Preface by Robert Ray, Governor of Iowa, 1969-1983
In 1979, my wife Billie and I visited refugee camps in Thailand, including one through which most Laotians and Tai Dam would pass while en route to resettlement somewhere else in the world.
We were greeted with incredible warmth, including signs of welcome and cheers. Then, we were led by some of the refugee elders to a small thatched-roof hut that served as the camp office. The refugees said they wanted to show us the map of what came across, in translation, as their "promised land." We didn't know what to expect.
As they ushered us into this small, flimsy building, suddenly, there it was before our eyes, affixed to the unstable wall: the Iowa Department of Transportation official state map, and all across that map pins with red and blue heads were stuck, each one signifying where a Tai Dam or Lao family was already resettled, each one signifying where an Iowa family, church, or organization had opened their hearts and homes to welcome a refugee family and help them begin new lives in freedom.
The refugees at that camp in Thailand had but one impassioned plea to us that day: "Please, let us come to Iowa." The stories that had been sent back to their camp from relatives who had preceded them were filled with accounts of love and generosity, so many that everyone wanted to replicate this experience.

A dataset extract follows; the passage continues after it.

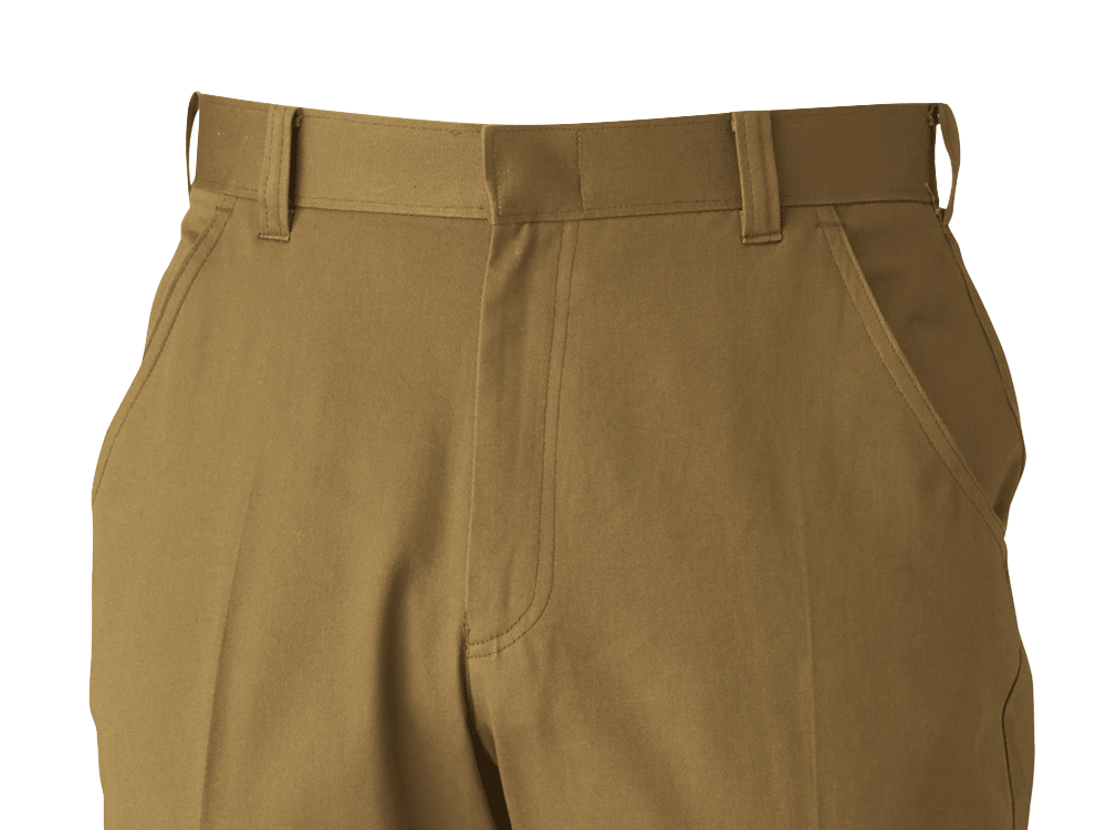 スタッフが実際に着用して着心地を体感してみました。綿100%でしか出せない肌触りが本当に気持ちよく、ずっと履いていてもストレスを感じません。また、化学繊維では出せない綿ならではの風合いが魅力。こなれた感じが出るので、よくあるツルツルしたスラックスにはない上質さを感じます。スマートなシルエットながらちゃんと動きやすいのも嬉しいポイント。脚まわりにほどよくゆとりがあるので、体を動かす作業からデスクワークまで、幅広くおすすめできるズボンです。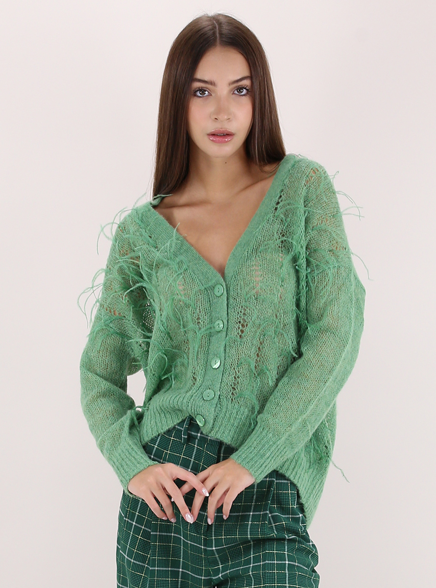 Liu.jo cardigan in wool and alpaca blend with long sleeves and V-neck. Frontal applied feathers. The model is 1.70 tall and wears size XS.

I am pleased to say that, just like the pioneers a hundred years before, virtually all of these refugees overcame great obstacles, and almost all made it to Iowa. And I am also pleased to say that Iowans continued to welcome these newest settlers: be they Vietnamese, Cambodian, Lao, or Tai Dam.
These refugees have paid us back many times over by becoming productive and committed members of communities all across our state and region. In Crossing Over, James Schaap is providing an invaluable record of how nine of these refugees have made this transition. These stories are powerful accounts of incredible physical and spiritual journeys and of a new chapter in Iowa's humanitarian heritage, as well as that of America itself.
In April of 2005, I had an experience that brought home to me just how powerful that humanitarian legacy can be. At the Hoover-Wallace Dinner in Des Moines, an eighteen-year-old ethnic Asian woman brought the audience to tears as she recounted how she had been born in a refugee camp in Thailand, her family uncertain of the future. She then described how, thanks to an Iowa community that took them in, she had just graduated from high school and was on her way to Iowa State University on a scholarship.
That dinner ended with the singing of the Iowa Corn Song, also led by a refugee woman who had built a family and career here. As she sang, I looked around the room and saw people of all races and religions, refugees and native born, standing together to sing the words that united us all and that reflected the new identity all of these refugees could now proclaim. There could be no more clear indication that they had indeed "crossed over" and become citizens of this land.